On 7/30/2011 5:47 PM, [email protected] wrote:
1) I gave dblatex a whirl. It took a while to install missing packages
from CTAN until dblatex ran at all. Eventually I got stuck when
(La)TeX told me that a glyph was missing from a font that it intended
to use. My document uses quite a few greek characters and other
symbols, but I wouldn't expect LaTeX to have a problem with that. As it
wasn't apparent to me how to move on from there, I had to give up.
Sounds like you found another solution, but for the record:
The easiest way to get all the LaTeX packages you might need to have
installed is to install the latest "TeX Live" distro:
http://www.tug.org/texlive/
It's big, but compared to hard disks these days, no worries.

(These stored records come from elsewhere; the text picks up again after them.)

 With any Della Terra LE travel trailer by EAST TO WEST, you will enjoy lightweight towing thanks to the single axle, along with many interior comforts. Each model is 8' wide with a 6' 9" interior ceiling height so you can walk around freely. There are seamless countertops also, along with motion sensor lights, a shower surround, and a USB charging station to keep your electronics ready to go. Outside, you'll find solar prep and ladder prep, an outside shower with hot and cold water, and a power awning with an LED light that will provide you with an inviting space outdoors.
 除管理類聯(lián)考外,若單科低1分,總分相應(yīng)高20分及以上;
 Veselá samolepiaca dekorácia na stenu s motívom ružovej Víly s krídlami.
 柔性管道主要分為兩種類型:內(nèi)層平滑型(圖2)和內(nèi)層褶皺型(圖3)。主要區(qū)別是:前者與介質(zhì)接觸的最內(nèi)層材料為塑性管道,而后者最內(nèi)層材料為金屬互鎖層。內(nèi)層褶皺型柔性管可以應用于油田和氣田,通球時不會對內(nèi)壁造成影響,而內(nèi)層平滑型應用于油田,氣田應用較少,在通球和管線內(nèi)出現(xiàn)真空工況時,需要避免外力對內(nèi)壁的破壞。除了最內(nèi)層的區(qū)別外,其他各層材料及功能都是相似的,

As for the font issue: I'm not sure whether you were using LaTeX (8-bit
pre-Unicode characters) or XeLaTeX (Unicode compliant version). (Both
come in the Tex Live distro.) On the assumption that your XML was
Unicode, you should have been using XeLaTeX. A good Unicode font (and
it's nice looking, too) is the Charis SIL font:
http://scripts.sil.org/CharisSILfont
It includes regular, bold, italic, bold italic, small caps, tons of
diacritics, IPA etc. It does not however cover Greek characters.
I'm sure there are Unicode fonts that cover both Roman and Greek
characters (Arial Unicode does, but is probably not what one would want
for typesetting).
The more general solution is to tag the non-Roman strings in XML (either
manually or by a script), and create a small XSL transform that tags
them for the font when converting to XeLaTeX. We do that for our
grammars, which routinely mix in strings in Perso-Arabic scripts,
Bengali script, etc. Or you could run a script over the XeLaTeX output
by dblatex and font-tag the non-Roman strings directly.

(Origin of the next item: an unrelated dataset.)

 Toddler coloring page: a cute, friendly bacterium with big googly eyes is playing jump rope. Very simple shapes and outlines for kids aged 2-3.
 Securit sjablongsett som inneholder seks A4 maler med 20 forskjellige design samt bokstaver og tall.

You might also want to use the Polyglossia package
http://www.tex.ac.uk/ctan/macros/xetex/latex/polyglossia/
to provide language-specific hyphenation, etc.
And if someone wants help, there's a XeTeX mailing list:
http://www.tug.org/mailman/listinfo/xetex
--
Mike Maxwell
[email protected]
"My definition of an interesting universe is
one that has the capacity to study itself."